Prior to linezolid lock prophylaxis, the patient had 18 admissions for CVC-related infections, 28 positive blood cultures and eight CVC changes. He had spent 180 of the preceding 632 days in hospital. In 7 months of linezolid lock prophylaxis, he had one line change and one admission for 7 days due to CVC-related infection and a deep vein thrombosis in the common and external iliac veins. The tunnelled femoral line was removed and temporary venous access was achieved via a collateral vein. CVC-related infection was confirmed by culture of CNS from peripheral blood, a line culture and from the line tip. The patient had 44.3 infections per 1000 days (28 line infections in 632 days) prior to lock prophylaxis and 4.5 infections per 1000 days (one infection in the subsequent 221 days) during prophylaxis. The mean time to infection increased from 22.57 to 221 days when linezolid lock prophylaxis was used.

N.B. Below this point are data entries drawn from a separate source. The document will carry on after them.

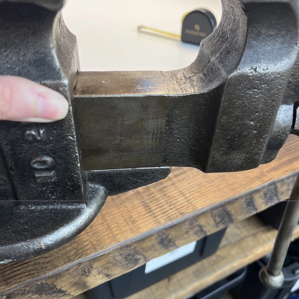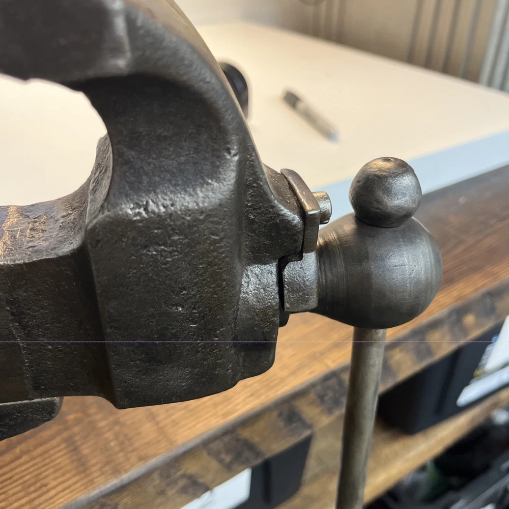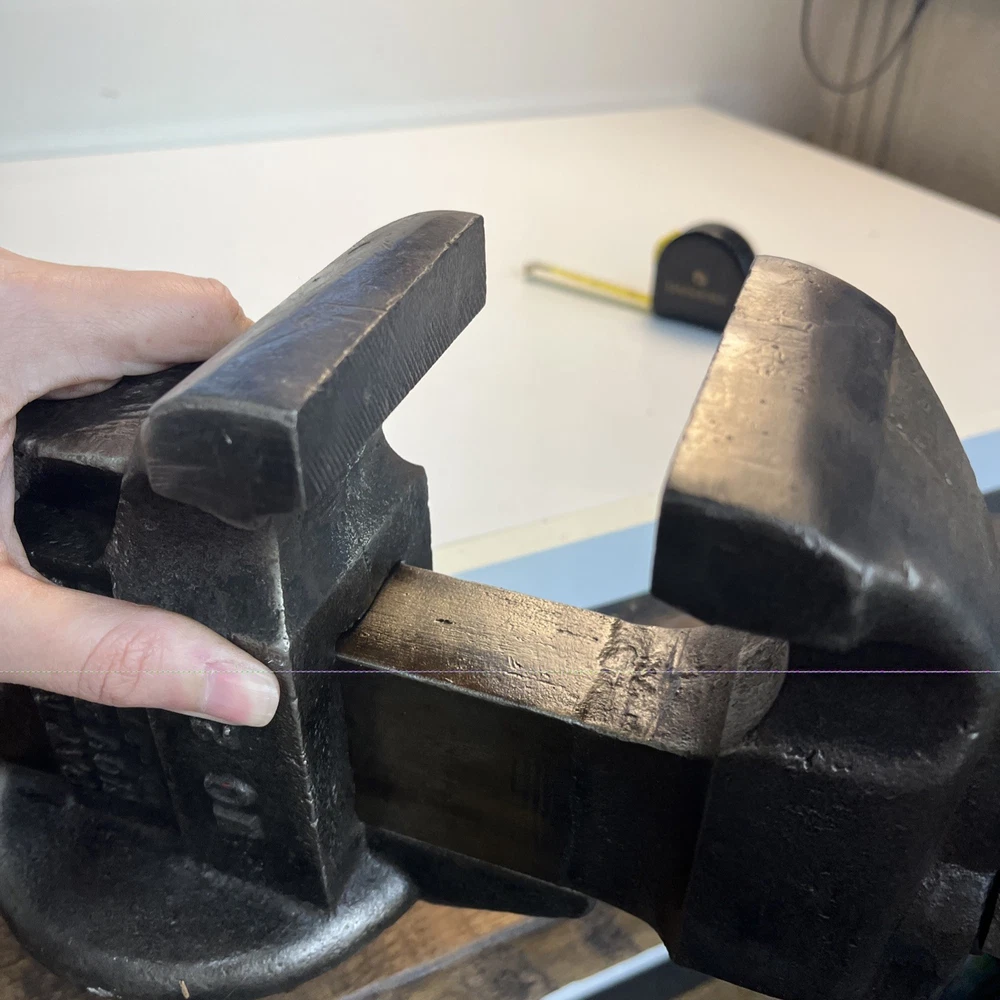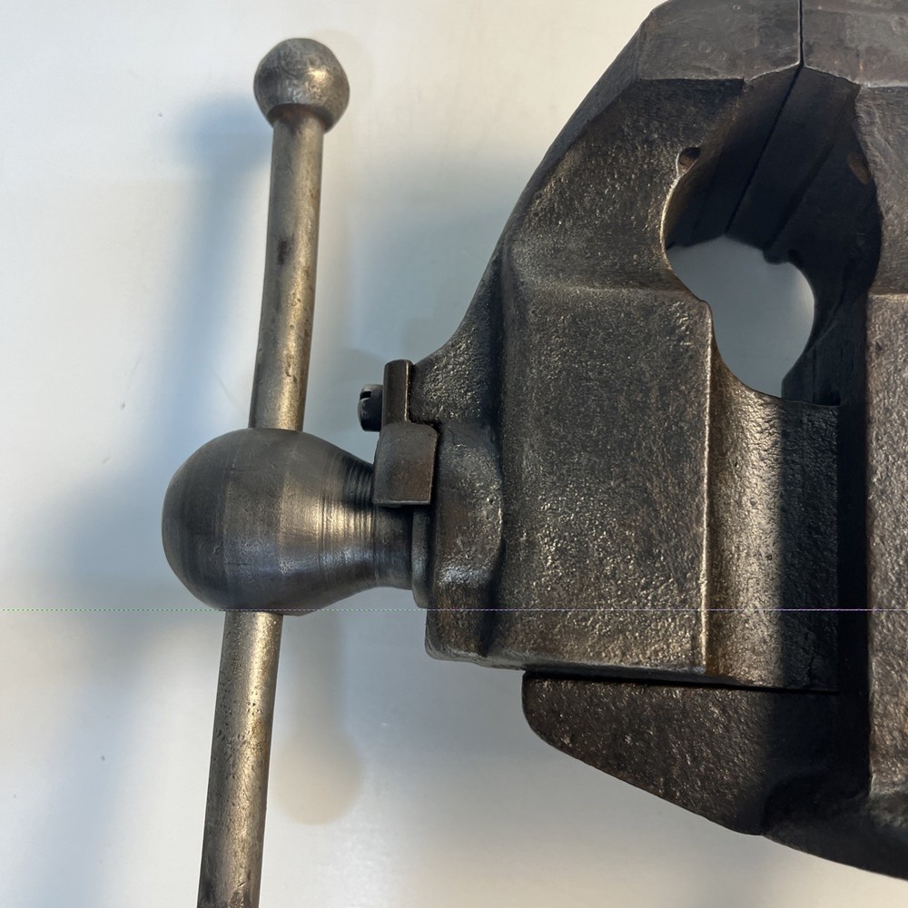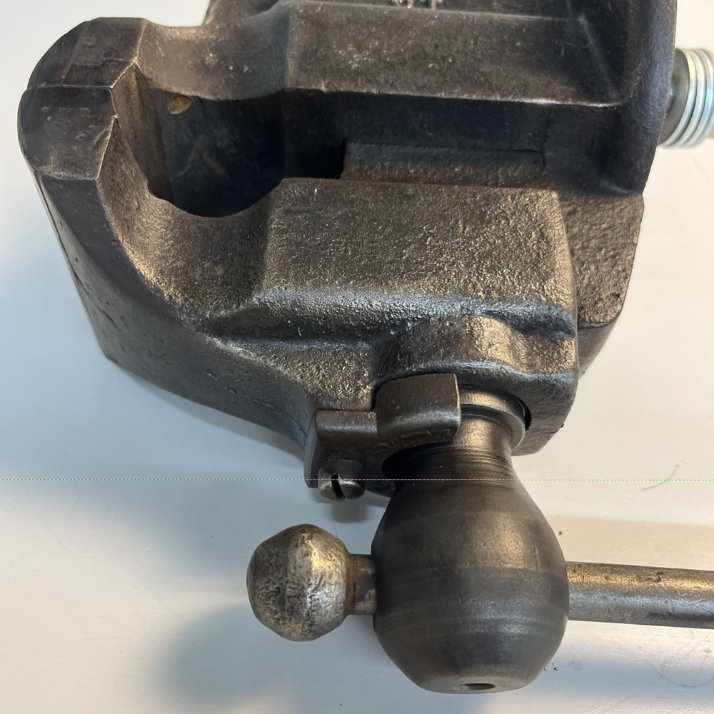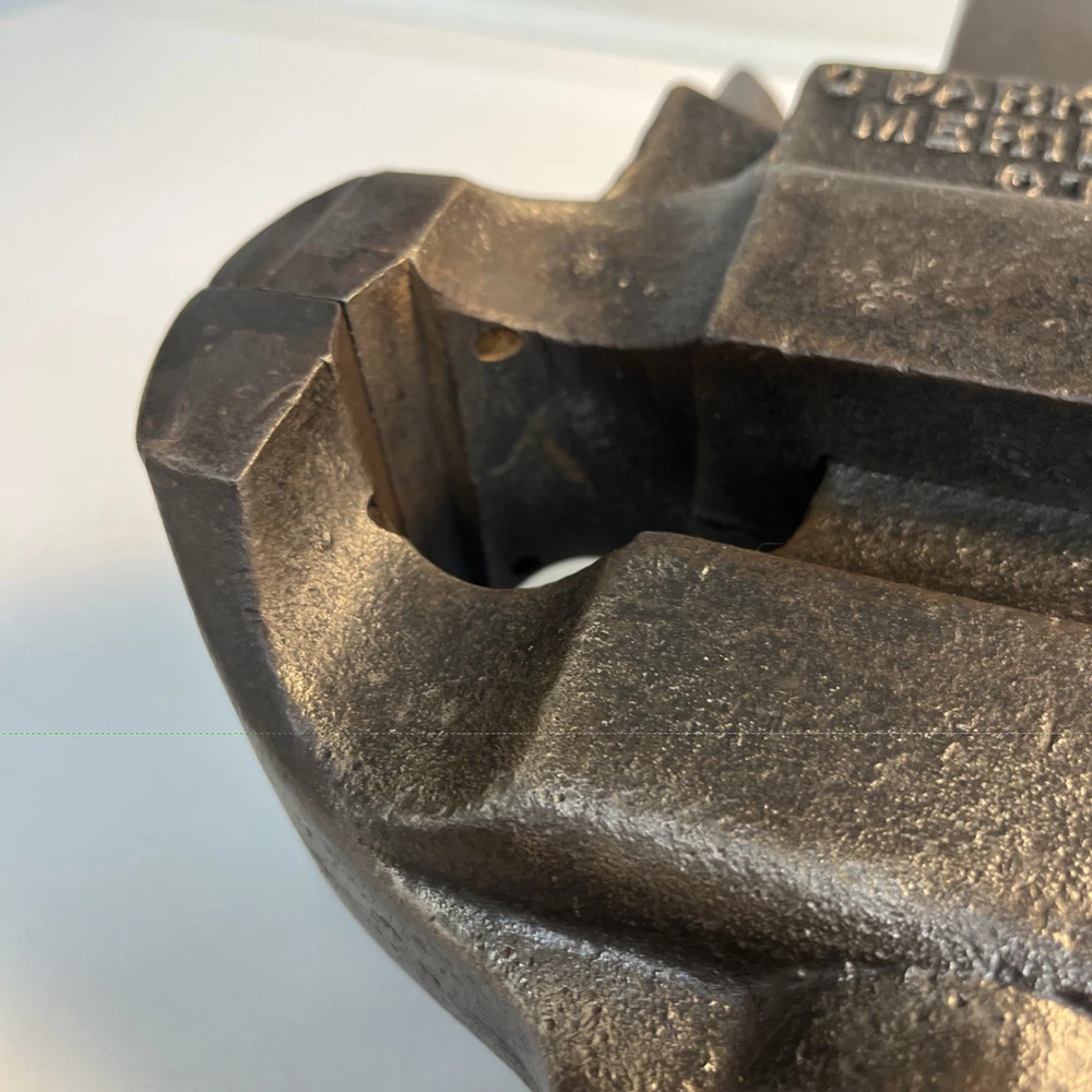 Vintage C. Parker Co. bench vise, No. 21, made in Meriden, Connecticut. This vise features 3 1/8” wide jaws and early patent dates cast into the body: • Patented 1867 Heavy cast construction with original early form. The vise opens and closes smoothly and the jaw faces seat evenly. A replacement bolt/nut is present on the mounting assembly, as shown. Weight is 22.5 lbs. Ideal for: • Period workshop restoration • Blacksmith or machinist bench setup • Antique tool collecting • Industrial décor / display • Functional shop use (built to last) ⸻ Condition Preowned vintage tool in working condition. Shows expected age wear, surface darkening, and light oxidation. Replacement hardware present on base bolt. Jaws align and move properly. Please review photos for exact condition and patina.
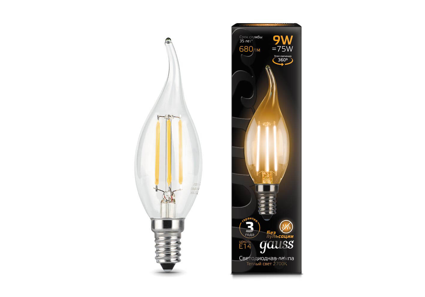 Лампа светодиодная филаментная Gauss E14 9W 2700К прозрачная 104801109
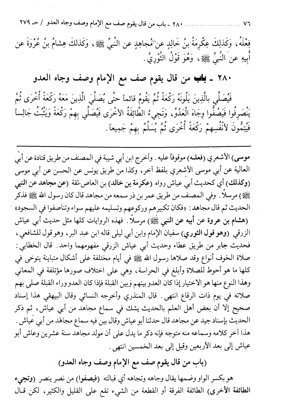 وِجَاهَ الْعَدُوِّ [1237] هُوَ بِكَسْرِ الْوَاوِ وَضَمِّهَا يُقَالُ وِجَاهُهُ وَتُجَاهُهُ أَيْ قُبَالَتُهُ (فَيَصِفُوا) مِنْ نَصَرَ يَنْصُرُ (وَتَجِيءُ الطَّائِفَةُ الْأُخْرَى) الطَّائِفَةُ الْفِرْقَةُ أَوِ الْقِطْعَةُ مِنَ الشَّيْءِ تَقَعُ عَلَى الْقَلِيلِ وَالْكَثِيرِ لَكِنْ قَالَ
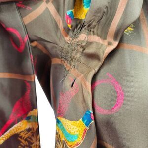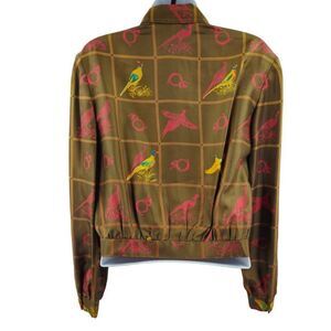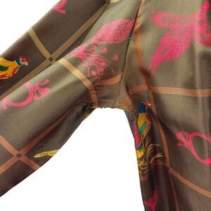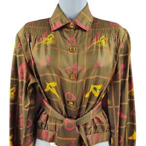 This exquisite vintage Gucci silk blouse is a true collector’s treasure, showcasing a sophisticated olive-brown grid pattern adorned with vibrant quail and horn illustrations in shades of yellow, green, and pink. Crafted from luxurious 100% silk, the blouse features heavy gold-tone metal buttons, a structured collar, and elegant smocking at the shoulders. A matching silk tie belt cinches the waist, creating a flattering silhouette, while long buttoned cuffs add refinement. This piece is a testament to Gucci’s unmatched craftsmanship, making it perfect for collectors or those seeking a bold, vintage statement piece.
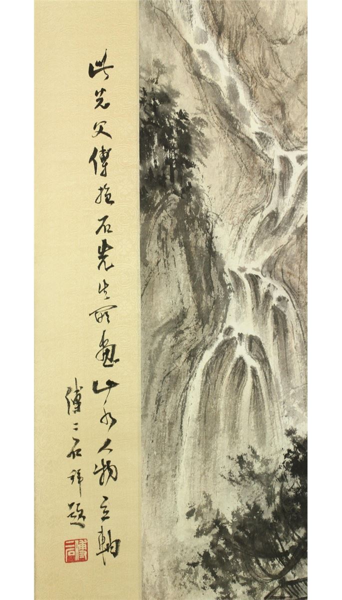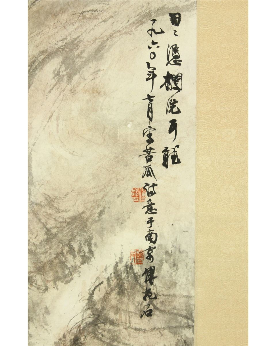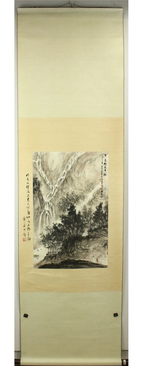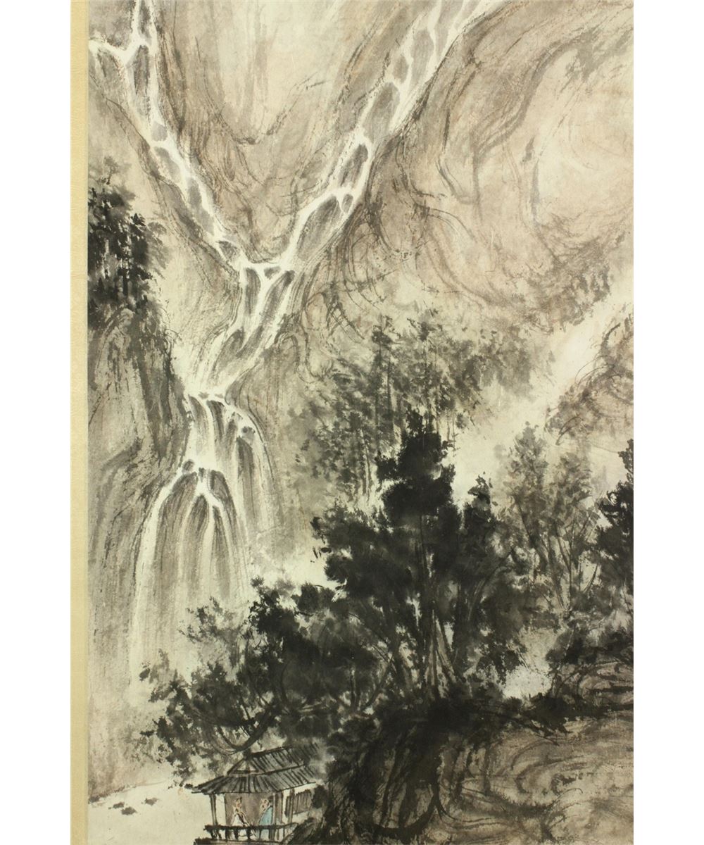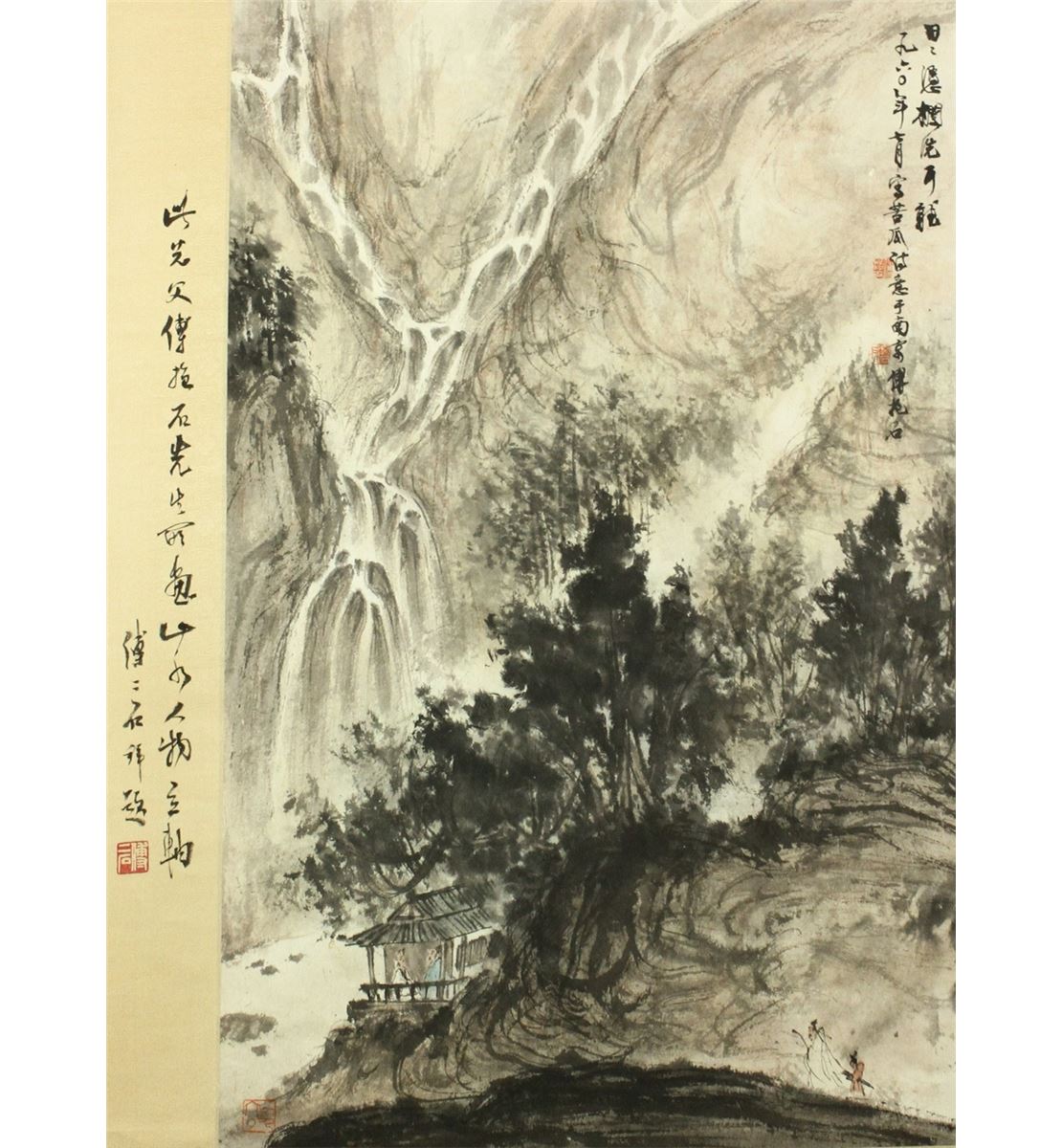 Landscape and scholars; hanging scroll; Chinese ink and watercolour on paper; signed Fu Baoshi with calligraphy and inscribed with three seals; 70 cm X 45 cm
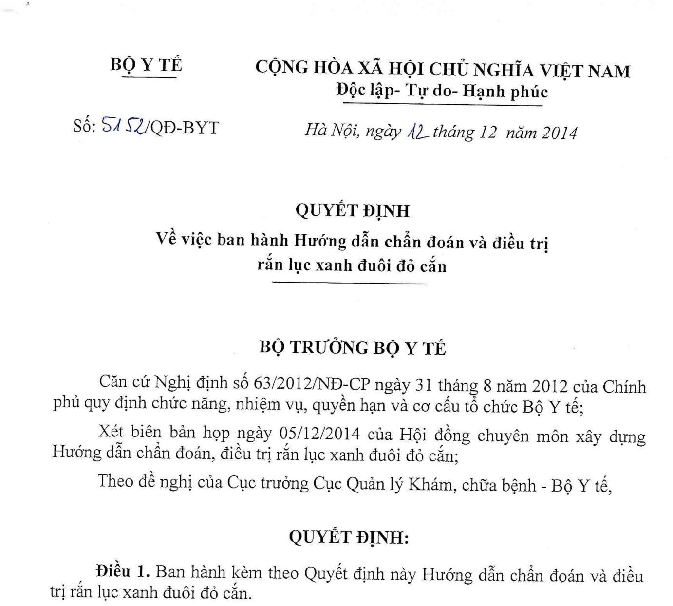 Điều 1. Ban hành kèm theo Quyết định này Hướng dẫn chẩn đoán và điều trị rắn lục xanh đuôi đỏ cắn.
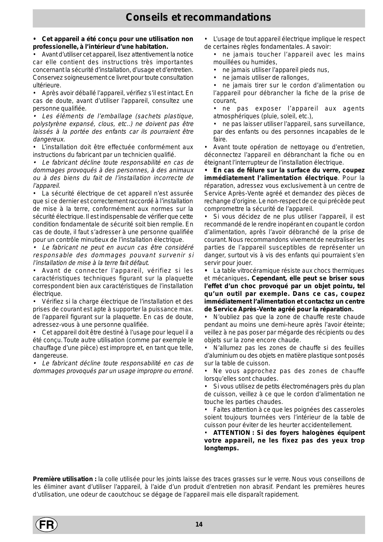 Première utilisation : la colle utilisée pour les joints laisse des traces grasses sur le verre. Nous vous conseillons de les éliminer avant d'utiliser l'appareil, à l'aide d'un produit d'entretien non abrasif. Pendant les premières heures d'utilisation, une oedur de caoutchouc se dégage de l'appareil mais elle disparait rapidement.

Prophylactic antibiotic lock solutions are only advised in special circumstances, such as recurrent catheter-related blood stream infections in a tunnelled line despite optimal aseptic technique (O'Grady et al., 2002). Although the infecting organisms and the antibiotics used were different, Onder et al. (2007) also showed that antibiotic lock prophylaxis reduced CVC-related infections and inpatient hospital stay in children with short bowel syndrome or intestinal transplantation, supporting the role of antibiotic lock prophylaxis in this patient group. Preventive lock therapy using vancomycin was shown to reduce line-infection rates in several prospective randomized controlled trials and a meta-analysis (Carratala et al., 1999; Garland et al., 2005; Safdar & Maki, 2006). Linezolid was selected for this study based on surprising in vitro results that demonstrated more rapid bacterial killing (approaching a 3-log reduction) than vancomycin or gentamicin against an established CNS biofilm in a model of catheter infection (Curtin et al., 2003). Although linezolid is bacteriostatic for planktonic-phase bacteria, this study suggests that it may be more effective in CNS biofilms. Linezolid was reported to be bactericidal in an in vitro model of endocarditis (Cha et al., 2003). Recent in vitro work suggests that bactericidal daptomycin is another excellent candidate for antibiotic lock prophylaxis (LaPlante & Mermel 2007; Raad et al., 2007). Concerns surrounding the long-term prophylactic use of antimicrobial therapy relate to selection of resistance and drug toxicity. Only 6 mg linezolid was administered per day and none of the adverse effects of systemic linezolid therapy were observed. Linezolid lock therapy has been used successfully in the treatment of catheter-related infection both in this patient and with systemic linezolid therapy in a similar patient (Castagnola et al., 2006). Resistance to linezolid was never observed in any of the cultures from our patient, despite 7 months of linezolid lock prophylaxis (MICs 0.25–1.5 mg ml–1).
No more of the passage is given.